Major implementations
- Squeak, Croquet

Dialects
- Croquet, Newspeak, Pharo, Cuis

Influenced by
- Smalltalk, Lisp, Logo; Sketchpad, Simula; Self

Influenced
- Etoys, Tweak, Croquet, Scratch

= Squeak (programming language) =

Object-oriented programming language

Squeak is an object-oriented, class-based, and reflective programming language. It was derived from Smalltalk-80 by a group that included some of Smalltalk-80's original developers, initially at Apple Computer, then at Walt Disney Imagineering, where it was intended for use in internal Disney projects. The group later was supported by HP Labs and SAP.

Squeak runs on a stack virtual machine (VM), allowing for a high degree of portability. The Squeak system includes code for generating a new version of the VM on which it runs, along with a VM simulator written in Squeak.

==Developers==
Dan Ingalls, an important contributor to the Squeak project, wrote the paper upon which Squeak is built, and constructed the architecture for five generations of the Smalltalk language.

Alan Kay is an important contributor to the Squeak project, and Squeak incorporates many elements of his proposed Dynabook concept.

==User interface frameworks==
Squeak includes four user interface frameworks:
- An implementation of Morphic, Self's graphical direct manipulation interface framework. This is Squeak's main interface.
- Tile-based, limited visual programming scripting in Etoys, based on Morphic.
- A novel, experimental interface called Tweak. In 2001 it became clear that the Etoy architecture in Squeak had reached its limits in what the Morphic interface infrastructure could do. Hewlett-Packard researcher Andreas Raab proposed defining a "script process" and providing a default scheduling-mechanism that avoids several more general problems. This resulted in a new user interface, proposed to replace the Squeak Morphic user interface in the future. Tweak added mechanisms of islands, asynchronous messaging, players and costumes, language extensions, projects, and tile scripting. Its underlying object system is class-based, but to users, during programming (scripting), it acts like it is prototype-based. Tweak objects are created and run in Tweak project windows.
- A model–view–controller (MVC) interface was the primary UI in Squeak versions 3.8 and earlier. It derived from the original Smalltalk-80 user interface framework which first introduced and popularized the MVC architectural pattern. MVC takes its name from the three core classes of the framework. Thus, the term "MVC" in the context of Squeak refers to both one of the available user interface frameworks and the pattern the framework follows. MVC is still provided for those wishing to use this older type of interface.

==Uses==
Many Squeak contributors collaborate on Open Cobalt, a free and open source virtual world browser and construction toolkit built on Squeak.

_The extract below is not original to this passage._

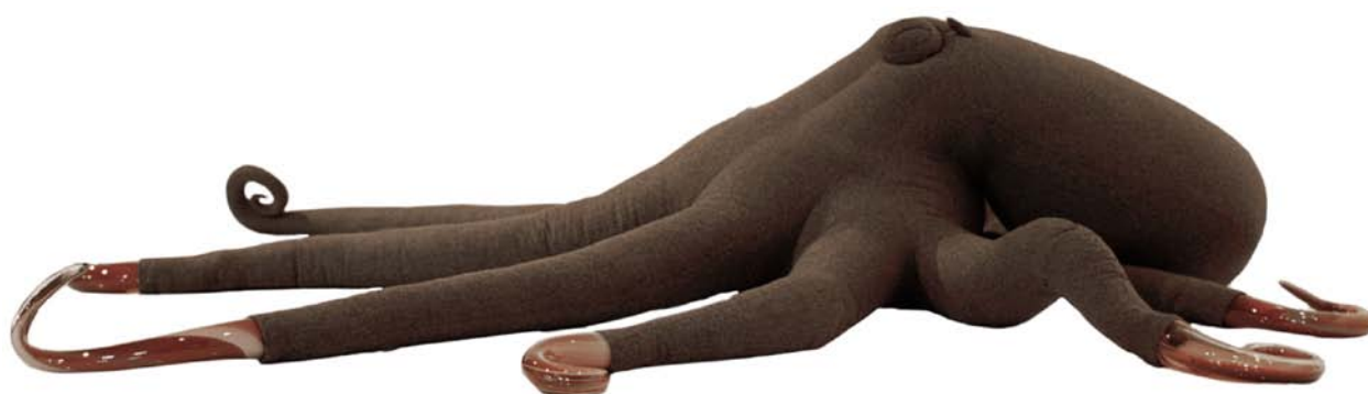
Cosima von Bonin, Seasons in the Abyss , 2006

Cosima von Bonins verk har tidigare presenterats på Magasin 3 i utställningen Freeport 2001 , To be continued... 2007 och i utställningen BETWIXT , 2008.

The first version of Scratch was implemented in Squeak.

OpenQwaq, a virtual conferencing and collaboration system, is based on Squeak.

Squeak is also used in the Nintendo ES operating system.

==License==
Squeak 4.0 and later may be downloaded at no cost, including source code, as a prebuilt virtual machine image licensed under the MIT License, with the exception of some of the original Apple code, which is governed by the Apache License.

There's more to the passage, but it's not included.